Autoscaler closes workers as others are starting/scaling up

timblakely commented 1 year ago

It appears that the latest Operator doesn't take starting up workers into account when scaling down and instead seems to scale down happily running workers...?

I've got a workload that uses GPUs, which means the containers are sometimes pretty large (>10GB) due to all the various CUDA/JAX/CUDNN support libraries. This means that sometimes it can take quite a while for the nodes to download and start up the image, causing various pods to be in a state of Unscheduleable (if node pool is still warming up) or CreatingContainer (while they download the image).
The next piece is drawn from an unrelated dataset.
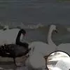 雏鸟为晚成性,刚孵出时体重为50克左右,身上被有稀疏的白色绒羽,头上也有黑色的绒羽,由亲鸟共同抚育。喂食的时候,雏鸟将嘴伸到亲鸟的食道中去取食龙虱等昆虫或蠕虫、小鱼的碎片,天热的时候亲鸟还要站在巢的边沿处用翅膀遮挡住灼热的太阳光。一般需要经过大约40天的喂养,雏鸟才能离巢飞翔。

If the autoscaler is triggered during this time and it decides it needs to scale down the workers, instead of scaling down the pending containers it seems to turn down existing workers first (?). Here's a scenario:

Launch the cluster, scaling the Dask worker pool to a fixed 1 worker.
1x Scheduler and 1x worker are created (gpu-ephemeral-scheduler and gpu-ephemeral-default-worker-d57c128a53, respectively)
Set worker pool to scale from 1 to 60 workers.
Launch graph with ~4k tasks
Worker d57c128a53 begins to chew through tasks.
Operator scales worker pool up to 37 workers: [2023-02-24 00:27:40,960] kopf.objects [INFO ] [default/gpu-ephemeral-default] Scaled worker group gpu-ephemeral-default up to 37 workers.
Various pods are unschedulable due to the node pool still warming up (GPU nodes are expensive to keep running ;)
Initial worker makes quick work of the first ~400 tasks since the backing data source is empty in these regions and the task is skipped
Worker finally hits some "hard" tasks and begins processing, slowing down the rate at which the graph is completed (IIUC the metric used for autoscaling)
Since the graph seems to be processed at a decent clip, the Operator begins scaling down the cluster to 25 workers: [2023-02-24 00:27:45,361] kopf.objects [DEBUG ] [default/gpu-ephemeral-default] Updating diff: (('change', ('spec', 'worker', 'replicas'), 37, 25),)
- Note: not sure if it's related, but I occasionally see that the HTTP API calls fail and fall back to Dask RPCs: [2023-02-24 00:27:45,645] kopf.objects [INFO ] [default/gpu-ephemeral-default] Scaling gpu-ephemeral-default failed via the HTTP API, falling back to the Dask RPC
Since the only running worker is the currently processing worker d57c128a53 - all others are still "Unschedulable" or "ContainerCreating" - the Operator decides to close it: [2023-02-24 00:27:45,660] kopf.objects [INFO ] [default/gpu-ephemeral-default] Workers to close: ('gpu-ephemeral-default-worker-d57c128a53',)
The scheduler notices the worker is gone: 2023-02-24 00:27:45,695 - distributed.scheduler - INFO - Remove worker <WorkerState 'tcp://10.4.0.32:38703', name: gpu-ephemeral-default-worker-d57c128a53, status: closing, memory: 209, processing: 2>
This in turn causes the scheduler to think all workers are dead and abandon the pipeline:

2023-02-24 00:27:45,787 - distributed.scheduler - INFO - Lost all workers
2023-02-24 00:27:45,793 - distributed.scheduler - INFO - Remove client Client-08e43dd0-b3da-11ed-b911-4201c0a82289
2023-02-24 00:27:45,794 - distributed.scheduler - INFO - Close client connection: Client-08e43dd0-b3da-11ed-b911-4201c0a82289
2023-02-24 00:27:45,978 - distributed._signals - INFO - Received signal SIGTERM (15)
2023-02-24 00:27:45,978 - distributed.scheduler - INFO - Scheduler closing...
2023-02-24 00:27:45,979 - distributed.scheduler - INFO - Scheduler closing all comms
2023-02-24 00:27:45,979 - distributed.scheduler - INFO - Stopped scheduler at 'tcp://10.4.4.12:8786'
2023-02-24 00:27:45,980 - distributed.scheduler - INFO - End scheduler

Ideally the Operator would choose to terminate those workers/pods whose status is either "Unschedulable" or "ContainerCreating" before terminating "Running" pods. I can confirm that fixing the worker pool size and disabling adaptation doesn't show this behavior.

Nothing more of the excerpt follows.